HOW TO COMPLETE THIS TASK: Reproduce each line below precisely. Drop the pictures.

^^^^^^^^^^^^^^^^

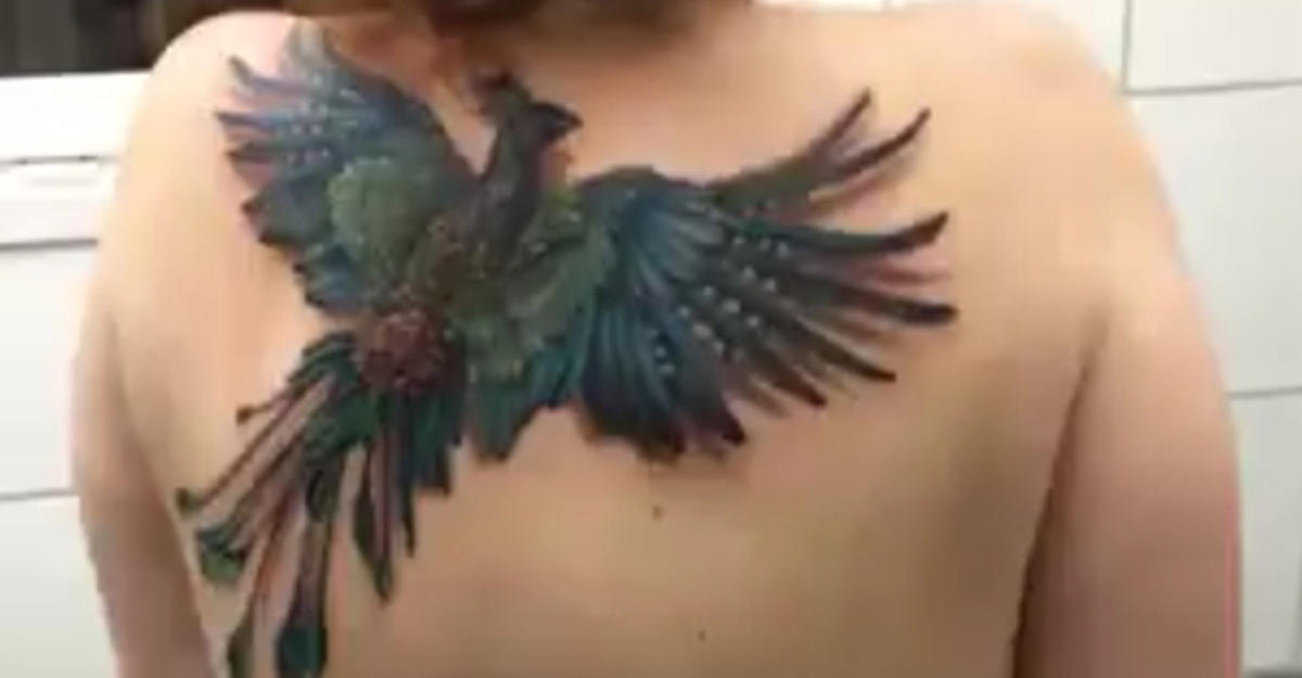 Тату-мастер создал потрясающую татуировку с "летающим" фениксом - ВИДЕО
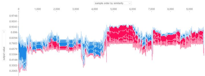 - 红色是起正向作用的特征,蓝色是起负向作用的特征
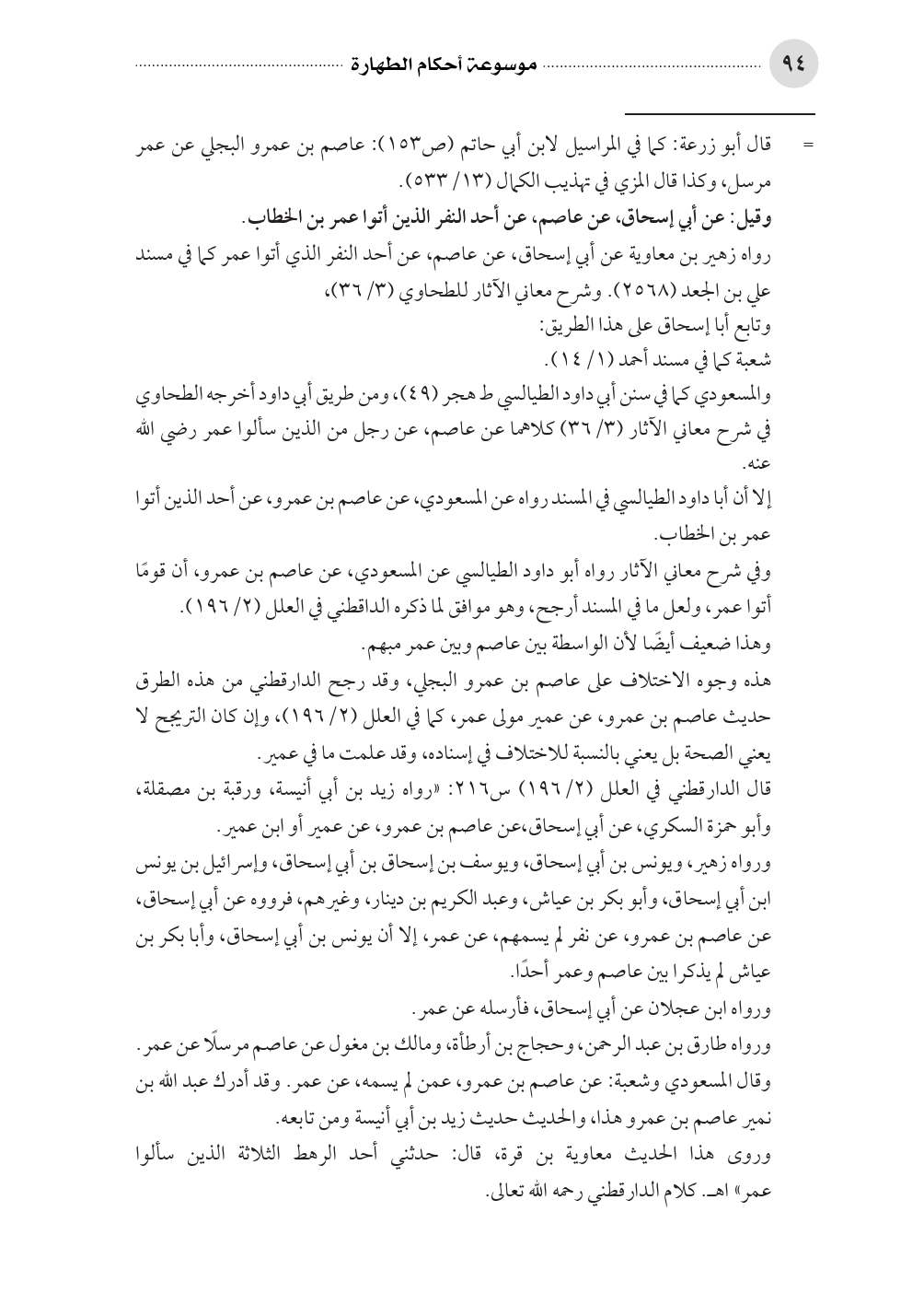 رواه زهير بن معاوية عن أبي إسحاق، عن عاصم، عن أحد النفر الذي أتوا عمر كما في مسند علي بن الجعد (٢٥٦٨). وشرح معاني الآثار للطحاوي (٣/ ٣٦)، وتابع أبا إسحاق على هذا الطريق:
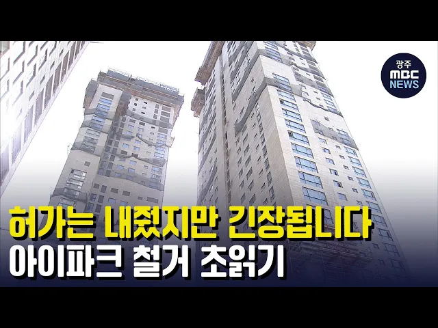 (앵커) 전세계에서 한 번도 시도해본 적 없는 아파트 전체 철거가 광주에서 시작됩니다. 공사를 관리 감독하는 해당 자치구도 철거 과정에서 또 다른 안전사고가 일어날지 몰라 긴장의 끈을 놓지 않고 있습니다. 임지은 기자의 보돕니다. (기자) 와이어에 묶인 타워크레인 자재가 아이파크 아파트 공사현장으로 옮겨집니다....
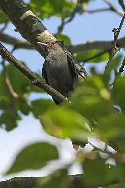 Довжина птаха становить 15 см. Самець має темно-сіре забарвлення з чорними крилами і хвостом, дзьоб у нього сірий, а очі червоні. Самичка має оливково-коричневе забарвлення, нижня частина тіла у неї світліша, поцяткована смужками.
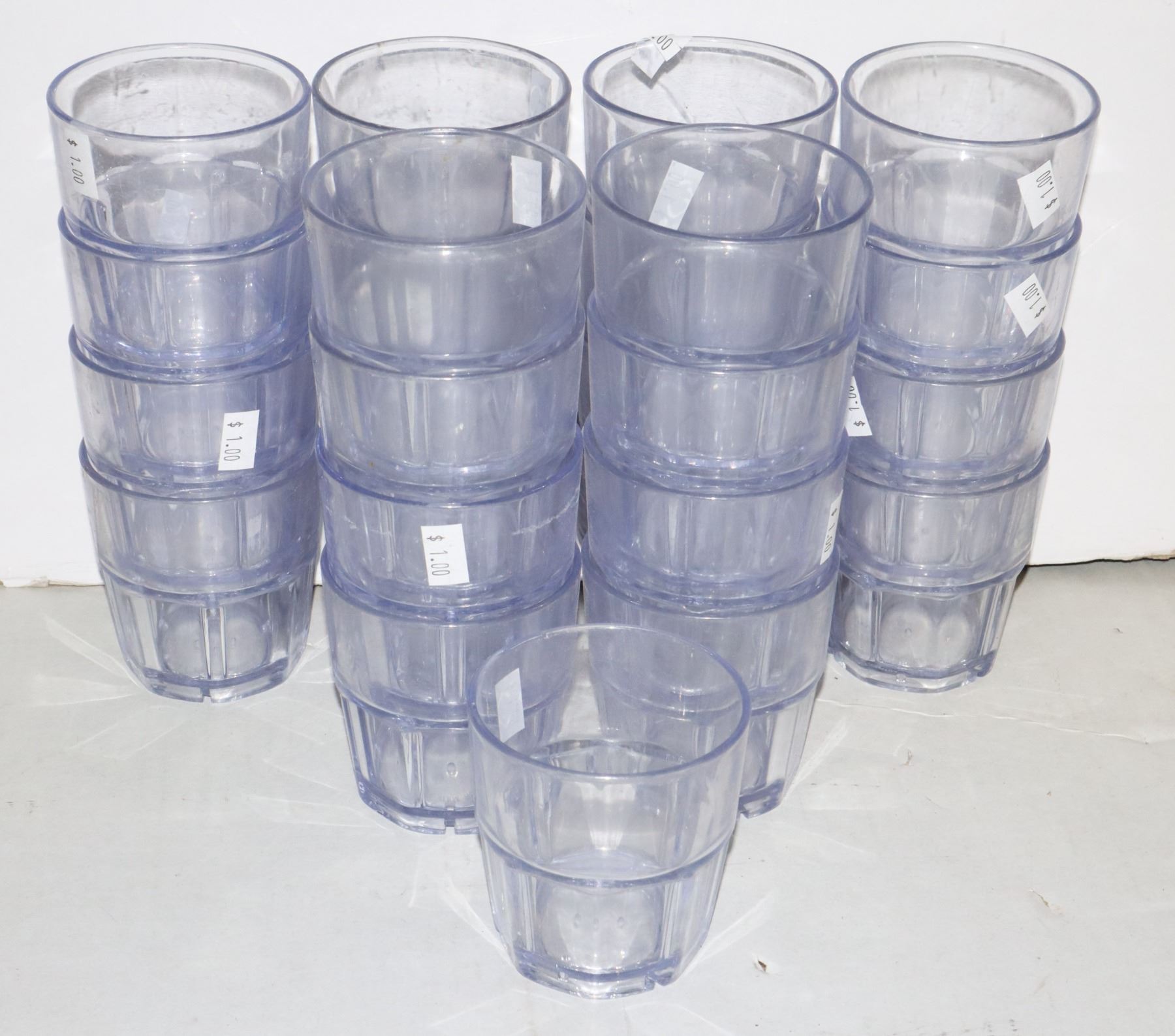 BOX OF MATCHING PLASTIC RESTAURANT GLASSES
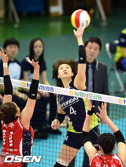 22일 오후 경기도 수원실내체육관서 열린 NH농협 2014~2015 V-리그 여자부 현대건설과 인삼공사의 경기, 1세트 현대건설 황연주가 강타를 날리고 있다.

^^^^^^^^^^^^^^^^

REPLY:
 Тату-мастер создал потрясающую татуировку с "летающим" фениксом - ВИДЕО
 - 红色是起正向作用的特征,蓝色是起负向作用的特征
 رواه زهير بن معاوية عن أبي إسحاق، عن عاصم، عن أحد النفر الذي أتوا عمر كما في مسند علي بن الجعد (٢٥٦٨). وشرح معاني الآثار للطحاوي (٣/ ٣٦)، وتابع أبا إسحاق على هذا الطريق:
 (앵커) 전세계에서 한 번도 시도해본 적 없는 아파트 전체 철거가 광주에서 시작됩니다. 공사를 관리 감독하는 해당 자치구도 철거 과정에서 또 다른 안전사고가 일어날지 몰라 긴장의 끈을 놓지 않고 있습니다. 임지은 기자의 보돕니다. (기자) 와이어에 묶인 타워크레인 자재가 아이파크 아파트 공사현장으로 옮겨집니다....
 Довжина птаха становить 15 см. Самець має темно-сіре забарвлення з чорними крилами і хвостом, дзьоб у нього сірий, а очі червоні. Самичка має оливково-коричневе забарвлення, нижня частина тіла у неї світліша, поцяткована смужками.
 BOX OF MATCHING PLASTIC RESTAURANT GLASSES
 22일 오후 경기도 수원실내체육관서 열린 NH농협 2014~2015 V-리그 여자부 현대건설과 인삼공사의 경기, 1세트 현대건설 황연주가 강타를 날리고 있다.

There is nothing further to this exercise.